__Exercise instructions__:
Give the records below again in full, exactly as written, but without any images.
=== Begin Enclosure ===
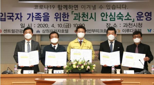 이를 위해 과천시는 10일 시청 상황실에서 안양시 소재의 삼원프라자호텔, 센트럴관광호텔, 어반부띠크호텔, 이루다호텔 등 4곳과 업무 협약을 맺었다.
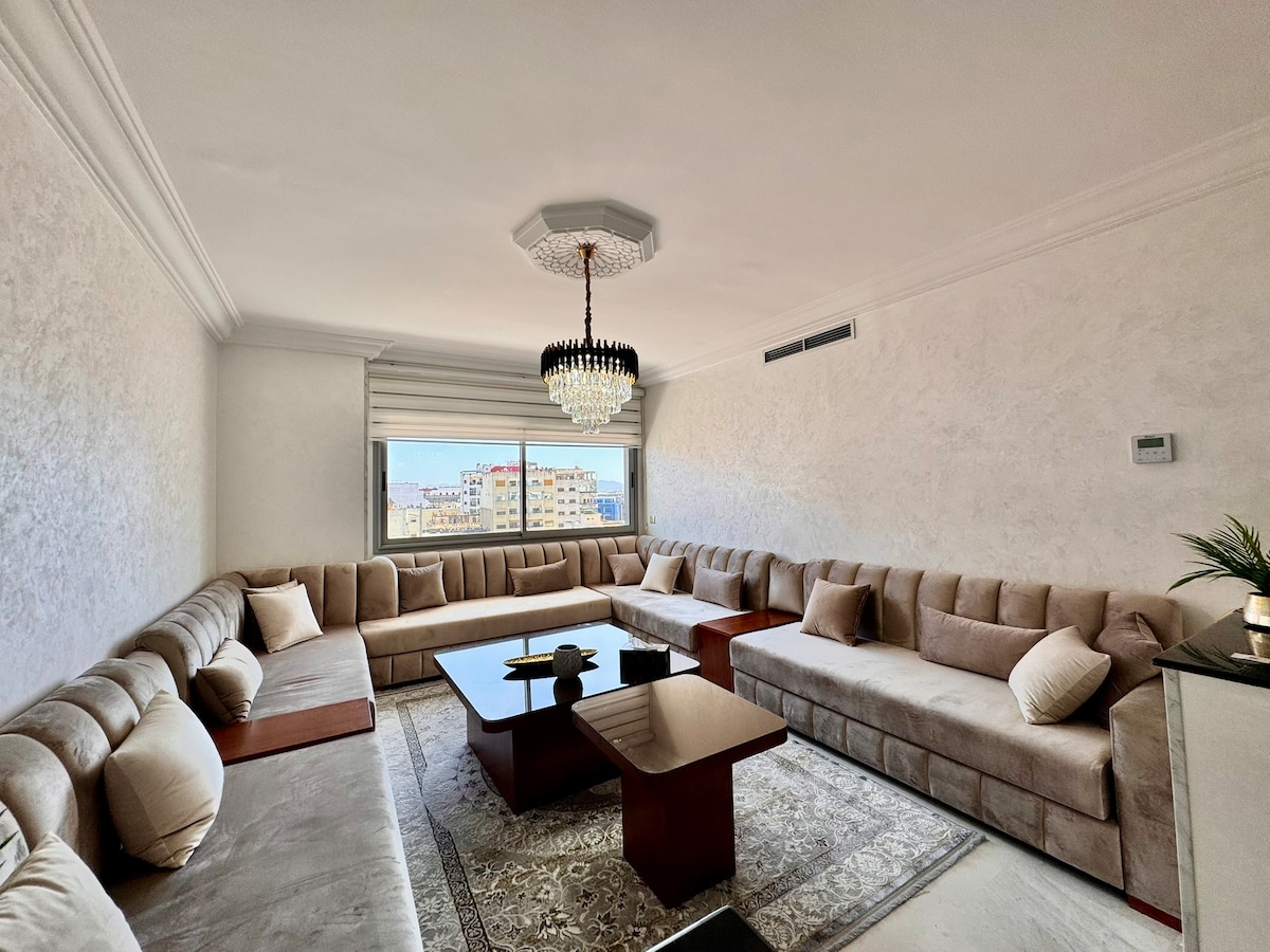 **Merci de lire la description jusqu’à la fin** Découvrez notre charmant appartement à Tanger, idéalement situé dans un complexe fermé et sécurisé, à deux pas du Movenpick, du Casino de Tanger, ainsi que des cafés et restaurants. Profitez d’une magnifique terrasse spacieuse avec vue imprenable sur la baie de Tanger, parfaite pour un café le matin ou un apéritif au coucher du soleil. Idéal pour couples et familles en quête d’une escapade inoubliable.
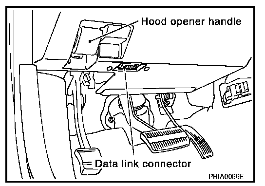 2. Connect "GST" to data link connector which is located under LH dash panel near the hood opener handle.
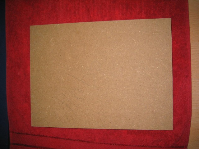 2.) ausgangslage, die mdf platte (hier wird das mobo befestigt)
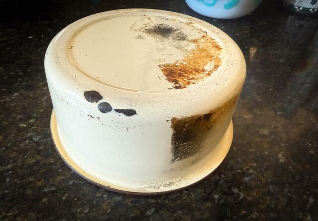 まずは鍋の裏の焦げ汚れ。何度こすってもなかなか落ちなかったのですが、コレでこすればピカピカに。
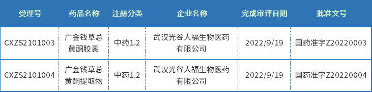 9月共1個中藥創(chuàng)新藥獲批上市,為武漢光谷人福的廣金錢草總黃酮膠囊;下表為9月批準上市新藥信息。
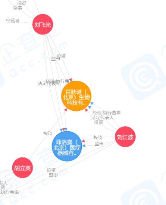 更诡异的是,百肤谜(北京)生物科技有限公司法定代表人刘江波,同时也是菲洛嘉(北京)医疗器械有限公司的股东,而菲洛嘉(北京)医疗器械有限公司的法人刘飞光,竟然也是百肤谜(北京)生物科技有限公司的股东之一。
=== End Enclosure ===
__Response box__:
 이를 위해 과천시는 10일 시청 상황실에서 안양시 소재의 삼원프라자호텔, 센트럴관광호텔, 어반부띠크호텔, 이루다호텔 등 4곳과 업무 협약을 맺었다.
 **Merci de lire la description jusqu’à la fin** Découvrez notre charmant appartement à Tanger, idéalement situé dans un complexe fermé et sécurisé, à deux pas du Movenpick, du Casino de Tanger, ainsi que des cafés et restaurants. Profitez d’une magnifique terrasse spacieuse avec vue imprenable sur la baie de Tanger, parfaite pour un café le matin ou un apéritif au coucher du soleil. Idéal pour couples et familles en quête d’une escapade inoubliable.
 2. Connect "GST" to data link connector which is located under LH dash panel near the hood opener handle.
 2.) ausgangslage, die mdf platte (hier wird das mobo befestigt)
 まずは鍋の裏の焦げ汚れ。何度こすってもなかなか落ちなかったのですが、コレでこすればピカピカに。
 9月共1個中藥創(chuàng)新藥獲批上市,為武漢光谷人福的廣金錢草總黃酮膠囊;下表為9月批準上市新藥信息。
 更诡异的是,百肤谜(北京)生物科技有限公司法定代表人刘江波,同时也是菲洛嘉(北京)医疗器械有限公司的股东,而菲洛嘉(北京)医疗器械有限公司的法人刘飞光,竟然也是百肤谜(北京)生物科技有限公司的股东之一。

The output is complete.